Шрифт:
Интервал:
Закладка:
Папа наполнил стакан водой из ведра. Вода была холодной, но не прозрачной, она напоминала воду из пруда и точно так же пахла медью. Вода слегка окрасилась из-за содержащихся в ней минералов, в ней плавали какие-то непонятные частички, напоминавшие пылинки, которые кружатся в лучах солнца. Вскоре отцу надоели жалобы Джеммы по поводу вида воды (ведь не она же будет ее пить, так какая разница?), и он перестал использовать прозрачный стакан. Джемма добросовестно приносила маме стакан с водой из колодца, та выпивала его иногда без жалоб, а иногда совсем отказывалась пить, и Джемма выливала его содержимое в окно.
Теплые дневные часы до обеда Джемма проводила на полу в комнате родителей. В ее распоряжении был огромный альбом для рисования – почти в половину ее роста. Она рисовала угольным карандашом маму, растирая тени куском бумажного полотенца или подушечками пальцев. Линии у рисунков выглядели толстыми и неровными. Сами рисунки чем-то напоминали абстракции, но ее мать непременно присутствовала на них. У Джеммы все пальцы, ладони, запястья и руки с тыльной стороны были черными от упрямой угольной пыли, которая не хотела оставаться на бумаге.

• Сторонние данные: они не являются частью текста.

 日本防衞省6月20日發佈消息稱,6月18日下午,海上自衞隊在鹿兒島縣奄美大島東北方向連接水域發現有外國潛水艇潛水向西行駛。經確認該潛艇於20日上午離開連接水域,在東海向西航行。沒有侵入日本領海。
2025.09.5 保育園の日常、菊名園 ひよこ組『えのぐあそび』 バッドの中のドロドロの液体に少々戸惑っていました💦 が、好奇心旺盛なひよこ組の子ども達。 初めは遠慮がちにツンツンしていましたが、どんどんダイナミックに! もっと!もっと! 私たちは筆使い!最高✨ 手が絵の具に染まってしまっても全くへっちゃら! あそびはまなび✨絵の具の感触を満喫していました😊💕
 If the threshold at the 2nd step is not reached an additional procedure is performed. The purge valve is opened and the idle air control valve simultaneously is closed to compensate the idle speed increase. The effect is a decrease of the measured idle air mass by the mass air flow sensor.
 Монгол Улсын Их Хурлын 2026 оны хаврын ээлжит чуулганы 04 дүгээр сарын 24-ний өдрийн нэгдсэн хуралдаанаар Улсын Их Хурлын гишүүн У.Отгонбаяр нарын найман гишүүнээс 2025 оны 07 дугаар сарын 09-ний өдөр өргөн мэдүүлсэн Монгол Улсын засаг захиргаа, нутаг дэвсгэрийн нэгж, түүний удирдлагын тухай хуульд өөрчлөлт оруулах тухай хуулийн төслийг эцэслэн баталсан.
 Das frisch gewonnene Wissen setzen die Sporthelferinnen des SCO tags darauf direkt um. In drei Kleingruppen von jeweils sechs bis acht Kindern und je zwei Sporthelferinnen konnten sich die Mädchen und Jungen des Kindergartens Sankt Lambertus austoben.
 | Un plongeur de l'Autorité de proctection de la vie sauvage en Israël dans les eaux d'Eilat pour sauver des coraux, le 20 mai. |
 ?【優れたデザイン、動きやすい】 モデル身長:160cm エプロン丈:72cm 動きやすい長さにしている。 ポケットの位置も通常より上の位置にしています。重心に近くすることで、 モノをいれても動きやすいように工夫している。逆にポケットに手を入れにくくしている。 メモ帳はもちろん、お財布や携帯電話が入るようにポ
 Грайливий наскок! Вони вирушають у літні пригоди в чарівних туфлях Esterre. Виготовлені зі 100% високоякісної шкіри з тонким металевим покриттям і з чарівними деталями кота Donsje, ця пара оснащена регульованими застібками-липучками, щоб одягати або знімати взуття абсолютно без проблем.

То ужасное лето постепенно угасало, как и любое другое лето, и альбом девочки наполнился рисунками матери, которая лежала на кровати в сгущающихся вокруг нее сумерках. На более поздних рисунках мать стала скукоживаться и сжиматься на маленьком островке между похожими на горы складками одеяла. Джемма показывала матери каждый рисунок и, если необходимо, будила ее.
Мать кашляла, иногда так долго и громко, что начинали дрожать стены и половицы. Несмотря на болезнь, внешне Джемма с матерью по-прежнему были очень похожи: темные, почти черные волосы, высокий и широкий, как пшеничное поле, лоб, бледная кожа, становящаяся розовой или красной, если хоть немножко поднималась температура или менялось настроение.
Мама говорила: «Как мило. У моей дочки есть талант». Она повторяла это всякий раз, пока еще могла говорить.
На последнем рисунке Джемма нарисовала маму с красной правой рукой.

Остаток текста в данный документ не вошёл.